The related party transactions listed above are not exclusive. Other transactions whose effects are similar to the ones listed above shall be considered related party transactions and shall be dealt with in accordance with this policy.
To ensure that the related party transactions are done in good faith and at arms-length, the same shall be approved by the Company’s Board of Directors before it can be implemented. The Board of Directors may delegate this authority to the appropriate committee depending on the amount of the transaction. The Board of Directors shall determine the threshold amount of the transaction to be approved by the committee and those which require the approval of the Board of Directors.
The Company shall comply with all applicable governmental regulations designed to protect the well being of the employees.
The Company shall provide health care services directed at prevention of disease, protection from health hazards and maintenance of health. Programs designed to identify personal risks to health and to detect diseases in the early and most treatable stages may be implemented.
Recognizing the need to maintain the well-being of its employees, the Company shall provide regular information on health to assist employees in making better decisions regarding their health and that of their dependents.
The Company shall likewise ensure to promote and maintain a workplace that is free from drug abuse which poses a great risk to the life and health of the employees.
The Human Resources Department shall be tasked to implement programs designed to promote a culture of healthy lifestyle and disease prevention within the Company.
The Company values the dignity of every individual, seeks to enhance the development of its partners, guarantees full respect for human rights and upholds the dignity of its partners, trainees as well as applicants/candidates for employment.
The Company commits to maintain a work environment free from discrimination, harassment and all forms of sexual intimidation and exploitation.

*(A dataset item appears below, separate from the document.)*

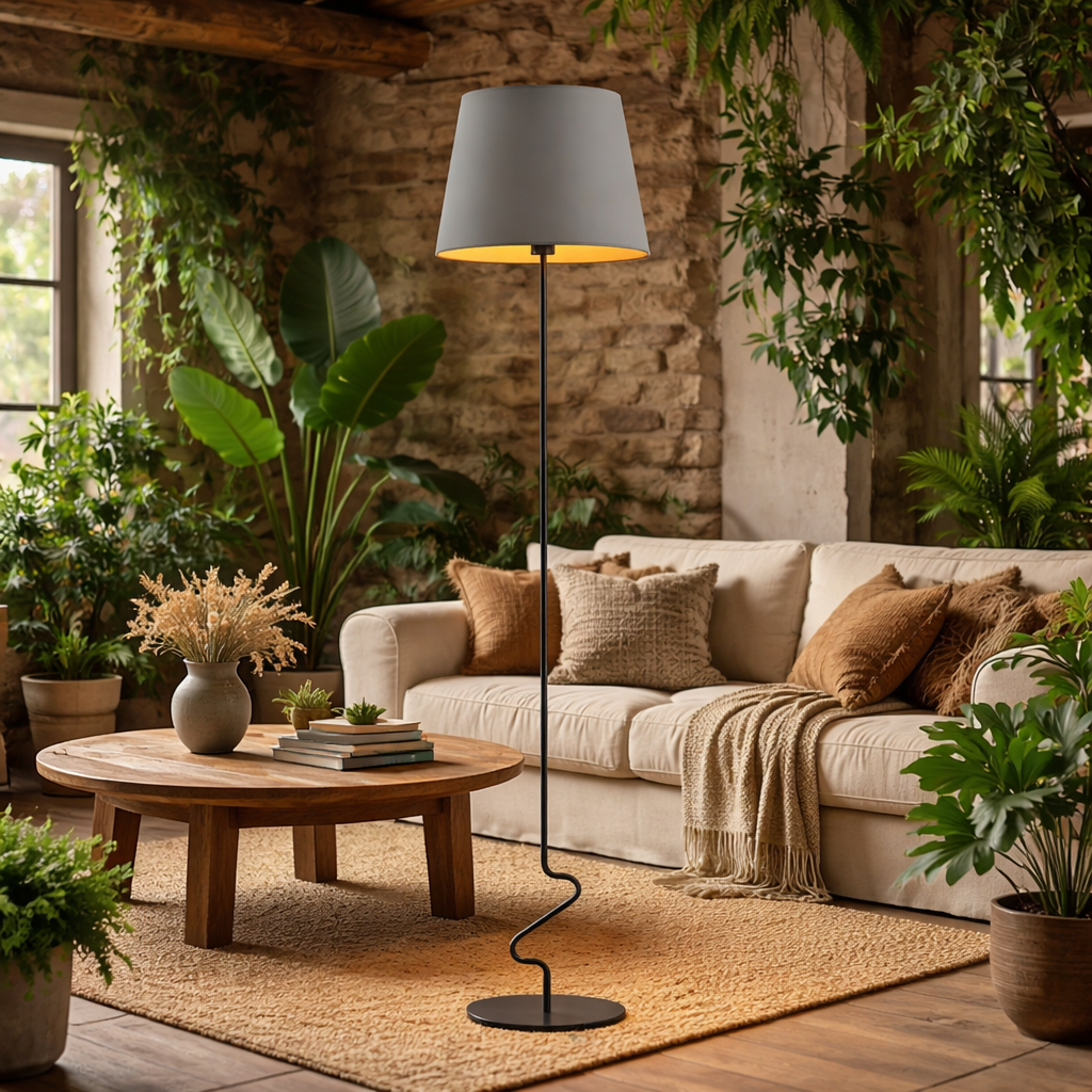 Lampa ma wysokość 174 cm, co sprawia, że jest zauważalnym i wyrazistym dodatkiem do przestrzeni. Jest to idealne rozwiązanie do wielu wnętrz. SURAT GOLD doskonale sprawdzi się zarówno w salonie, jak i jako lampa podłogowa do sypialni a także jako stylowa lampa stojąca do biura. W każdej z tych przestrzeni jej obecność podkreśli wyrafinowany styl wnętrza, tworząc przytulną atmosferę. Lampa ta doskonale odnajdzie się w różnych stylach wnętrzarskich w tym w eleganckim stylu glamour, gdzie złote wnętrze abażura idealnie współgra z luksusowymi akcentami. Jej nowoczesny, minimalistyczny design sprawia, że świetnie pasuje również do wnętrz w stylu eklektycznym, dodając im nieco współczesnego charakteru. Dzięki swojej prostocie i subtelnej dekoracyjności, lampa stojąca z szarym abażurem będzie również doskonałym wyborem do nowoczesnych aranżacji, gdzie liczy się harmonia i funkcjonalność.

In line with this commitment, we will not tolerate any forms of discrimination and harassment of its partners by anyone including its officers/management, managers, supervisors, vendors, clients or customers, whether in the workplace , at assignments outside of the workplace, at any Company sponsored social functions, social media or elsewhere.
Specifically, the Company renounces any forms of sexual harassment, shall implement a zero tolerance for sexual intimidation and exploitation and adopt and comply in full with the “Anti Sexual Harassment Act 1995 or RA 7877.”
The Company also considers violation of its non-discrimination and anti-harassment policy, any act of retaliation or reprisal against anyone who has articulated any concern about any forms of discrimination and harassment.
This policy is implemented to provide all PT&T partners the guidelines and process in dealing with discrimination and harassment situations and cases.